▸ Records shown:
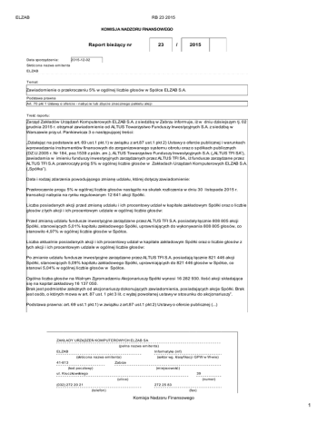 ELZAB RB 23 2015 KOMISJA NADZORU FINANSOWEGO Raport bieżący nr 23 / 2015 2015-12-02 Data sporządzenia: Skróc ona nazwa emitenta ELZAB Temat Zawiadomienie o przekroczeniu 5% w ogólnej liczbie głosów w Spółce ELZAB S.A. Podstawa prawna Art. 70 pkt 1 Ustawy o oferc ie - nabyc ie lub zbycie znac znego pakietu akcji Treść raportu: Zarząd Zakładów Urządzeń Komputerowych ELZAB S.A. z siedzibą w Zabrzu informuje, iż w dniu dzisiejszym tj. 02 grudnia 2015 r. otrzymał zawiadomienie od ALTUS Towarzystwo Funduszy Inwestycyjnych S.A. z siedzibą w Warszawie przy ul. Pankiewicza 3 o następującej treści: „Działając na podstawie art. 69 ust.1 pkt.1) w związku z art.87 ust.1 pkt 2) Ustawy o ofercie publicznej i warunkach wprowadzania instrumentów finansowych do zorganizowanego systemu obrotu oraz o spółkach publicznych (DZ.U.2005 r. Nr 184, poz.1539 z późn. zm.), ALTUS Towarzystwo Funduszy Inwestycyjnych S.A. („ALTUS TFI SA”), zawiadamia w imieniu funduszy inwestycyjnych zarządzanych przez ALTUS TFI SA., iż fundusze zarządzane przez ALTUS TFI S.A. przekroczyły próg 5% w ogólnej liczbie głosów w Zakładach Urządzeń Komputerowych ELZAB S.A. („Spółka”). Data i rodzaj zdarzenia powodującego zmianę udziału, której dotyczy zawiadomienie: Przekroczenie progu 5% w ogólnej liczbie głosów nastąpiło na skutek rozliczenia w dniu 30 listopada 2015 r. transakcji nabycia na rynku regulowanym 12 641 akcji Spółki. Liczba posiadanych akcji przed zmianą udziału i ich procentowy udział w kapitale zakładowym Spółki oraz o liczbie głosów z tych akcji i ich procentowym udziale w ogólnej liczbie głosów: Przed zmianą udziału fundusze inwestycyjne zarządzane przez ALTUS TFI S.A. posiadały łącznie 808 805 akcji Spółki, stanowiących 5,01% kapitału zakładowego Spółki, uprawniających do wykonywania 808 805 głosów, co stanowiło 4,97% w ogólnej liczbie głosów w Spółce. Liczba aktualnie posiadanych akcji i ich procentowy udział w kapitale zakładowym Spółki oraz o liczbie głosów z tych akcji i ich procentowym udziale w ogólnej liczbie głosów: Po zmianie udziału fundusze inwestycyjne zarządzane przez ALTUS TFI S.A. posiadają łącznie 821 446 akcji Spółki, stanowiących 5,09% kapitału zakładowego Spółki, uprawniających do 821 446 głosów w Spółce, co stanowi 5,04% w ogólnej liczbie głosów w Spółce. Ogólna liczba głosów na Walnym Zgromadzeniu Akcjonariuszy Spółki wynosi 16 282 930. Ilość akcji składająca się na kapitał zakładowy 16 137 050. Brak jest podmiotów zależnych od akcjonariuszy dokonujących zawiadomienia, posiadających akcje Spółki. Brak jest osób, o których mowa w art. 87 ust. 1 pkt 3 lit. c wyżej powołanej ustawy w stosunku do akcjonariuszy”. Podstawa prawna: art. 69 ust.1 pkt.1) w związku z art.87 ust.1 pkt 2) Ustawy o ofercie publicznej (...) ZAKŁADY URZĄDZEŃ KOMPUTEROWYCH ELZAB SA (pełna nazwa emitenta) Informatyka (inf) ELZAB (skróc ona nazwa emitenta) 41-813 (sektor wg. klasyfikac ji GPW w W-wie) Zabrze (kod poc ztowy) (miejscowość) ul. Kruczkowskiego 39 (ulica) (032) 272 20 21 (numer) 272 25 83 (telefon) (fax) Komisja Nadzoru Finansowego 1 ELZAB RB 23 2015 [email protected] www.elzab.c om.pl (e-mail) (www) 6480000255 270036336 (NIP) (REGON) PODPISY OSÓB REPREZENTUJĄCYCH SPÓŁKĘ Data Imię i Nazwisko Stanowisko/Funkc ja 2015-12-02 Jerzy Popławski Wic eprezes Zarządu 2015-12-02 Zbigniew Stanasiuk Członek Zarządu Podpis Komisja Nadzoru Finansowego 2
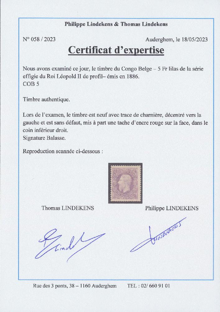 | Zusatzinformationen und Suchstichworte: | 175. Van Looy Auktion 16. - 21. Oktober 2023 Los 2561 Belgisch-Kongo N° 5 5 Fr. lila, nach links dezentriert, signiert mit Attest, rote Farbe auf der Vorderseite, auf rechte untere Ecke, Pracht/f (OBP € 785) Ausruf 80,00 EUR |
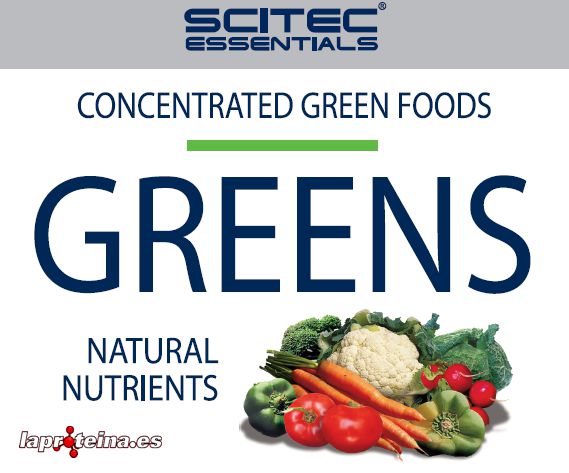 Greens de Scitec Essentials es una fórmula de multivitamínica y mineral, que además contiene unas efectivas mezclas patentadas de ingredientes de origen natural como enzimas, probióticos, aceites vegetales, extractos de vegetales, extractos herbales, extractos de verduras, extractos de frutas y extractos de setas.
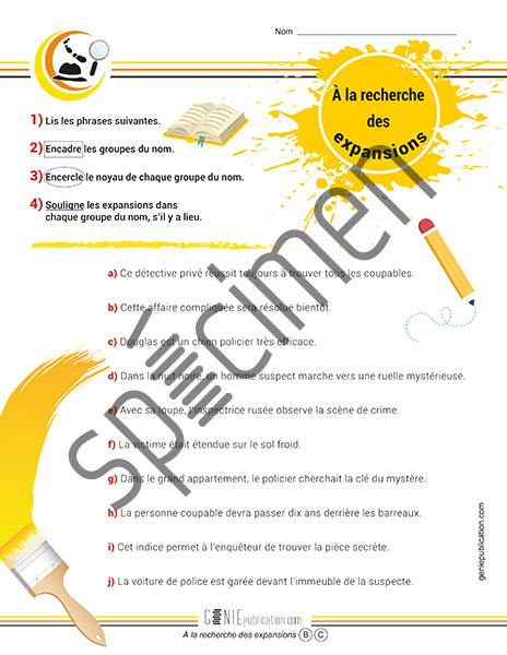 L’élève doit identifier le groupe du nom, le prédicat et l’expansion dans chacune des phrases de l’exercice.
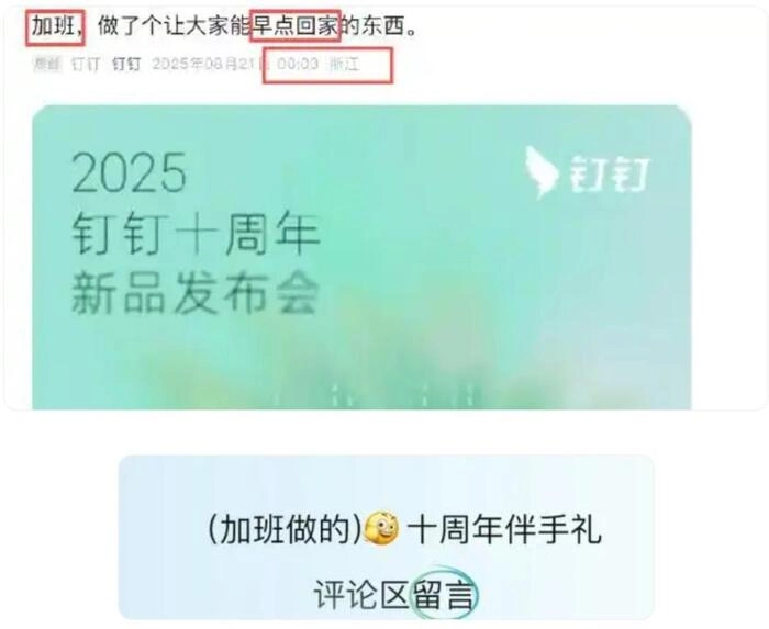 有意思的是,在当日消息曝出的凌晨0:03分,钉钉官方公众号卡点发了一条推文,标题是“加班,做了个让大家能早点回家的东西。”钉钉在文章中多次强调“加班”关键词,例如抽奖赠送的伴手礼也是“加班做的”。官方账号的运营者还点赞网友“标题取得好”的留言。

▸ Task description: Write out the lines of the listing from the one that holds "Greens de Scitec" to the very last line, both included, exactly as they appear and without any pictures.

▸ Exercise response:
 Greens de Scitec Essentials es una fórmula de multivitamínica y mineral, que además contiene unas efectivas mezclas patentadas de ingredientes de origen natural como enzimas, probióticos, aceites vegetales, extractos de vegetales, extractos herbales, extractos de verduras, extractos de frutas y extractos de setas.
 L’élève doit identifier le groupe du nom, le prédicat et l’expansion dans chacune des phrases de l’exercice.
 有意思的是,在当日消息曝出的凌晨0:03分,钉钉官方公众号卡点发了一条推文,标题是“加班,做了个让大家能早点回家的东西。”钉钉在文章中多次强调“加班”关键词,例如抽奖赠送的伴手礼也是“加班做的”。官方账号的运营者还点赞网友“标题取得好”的留言。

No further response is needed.